- [DIRECTIONS] The answer must be an exact copy of the lines from the top of the listing below through the line with "近日,我院罗文斌副教授在《湖", with no pictures.

- [DATA EXTRACT]
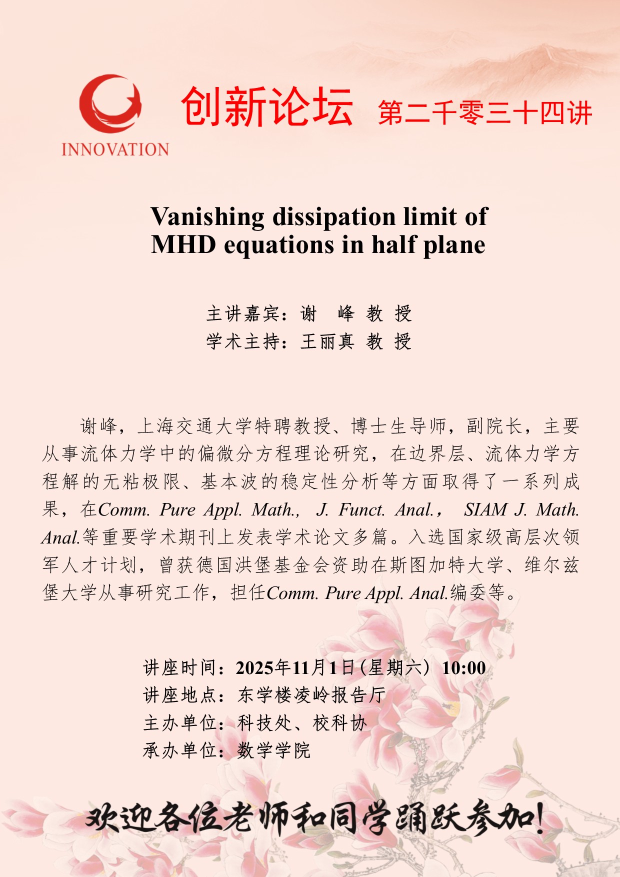 谢 峰 教 授 西北大学创新论坛第二千零三十四讲:Vanishing dissipation limit of MHD equations in half plane 讲座时间 2025年11月1日(星期六) 10:00 讲座地点 东学楼凌岭报告厅 讲座人介绍 谢 峰 教 授 讲座内容
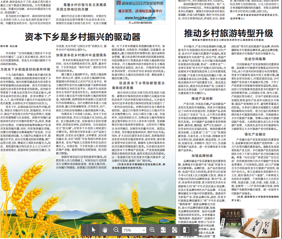 近日,我院罗文斌副教授在《湖南日报》发表题为“推动乡村旅游转型升级”的文章,全文如下:
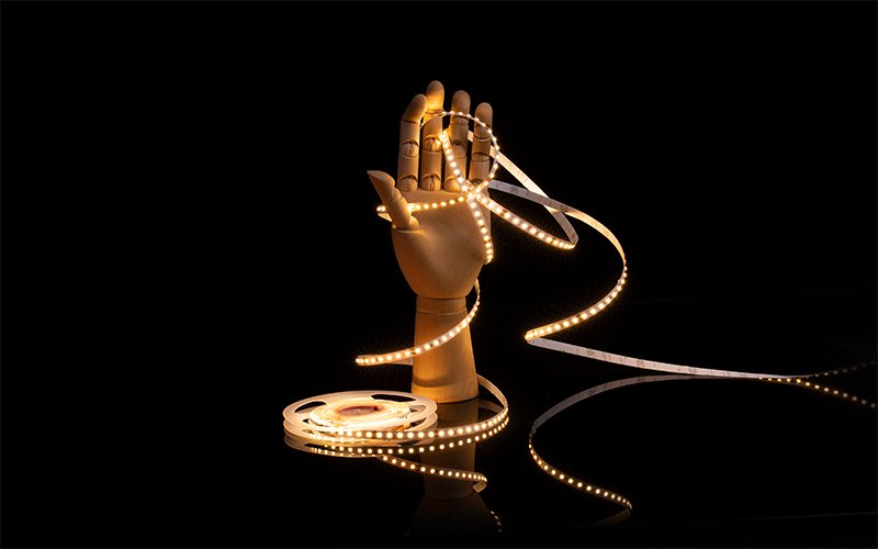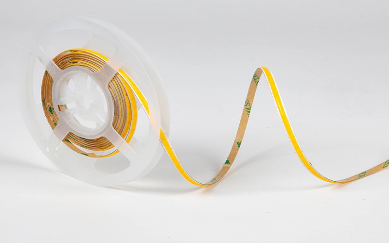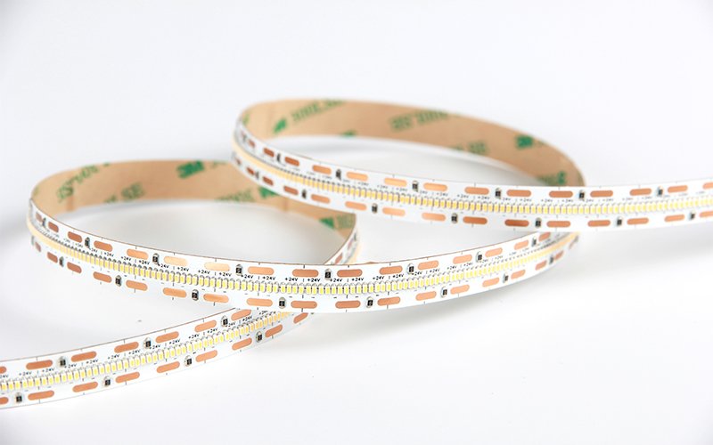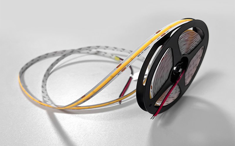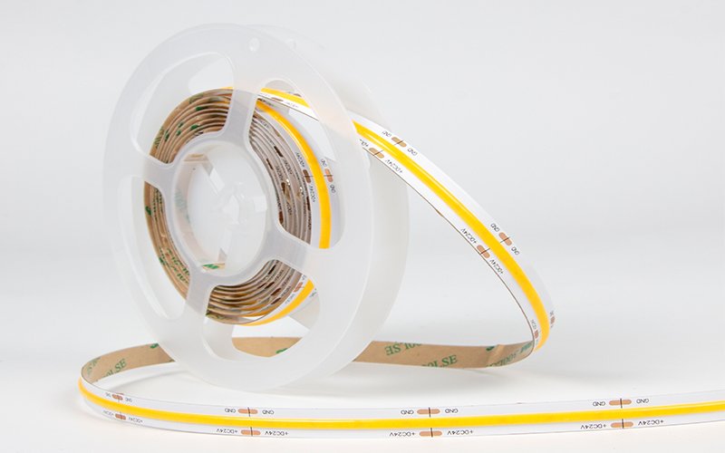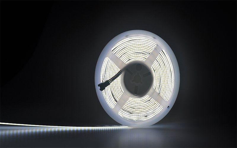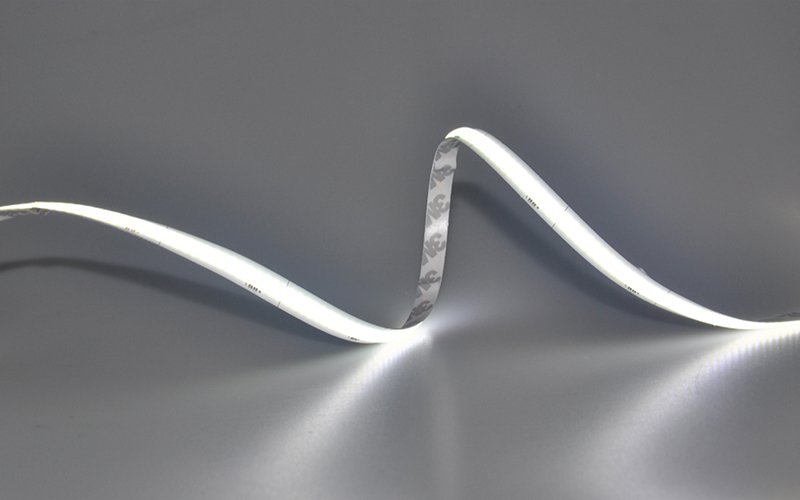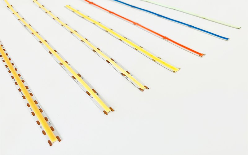 COB means Chips on Board, which means that the chips are directly encapsulated on the flexible PCB board, and the COB led strip is a strip of chips encapsulated on a flexible board. The chips are mostly flip-chips, which are linearly fixed on the PCB board, and then a layer of encapsulation glue mixed with phosphor is directly dropped on the surface of the chip. The light emitted from the chip is refracted, reflected, and interacts with the phosphor, and the glue emits different colors and color temperatures of light evenly. COB led strip is uniform, linear, and without light spots, stable and 180° beam angle.

- [SOLUTION]
 谢 峰 教 授 西北大学创新论坛第二千零三十四讲:Vanishing dissipation limit of MHD equations in half plane 讲座时间 2025年11月1日(星期六) 10:00 讲座地点 东学楼凌岭报告厅 讲座人介绍 谢 峰 教 授 讲座内容
 近日,我院罗文斌副教授在《湖南日报》发表题为“推动乡村旅游转型升级”的文章,全文如下:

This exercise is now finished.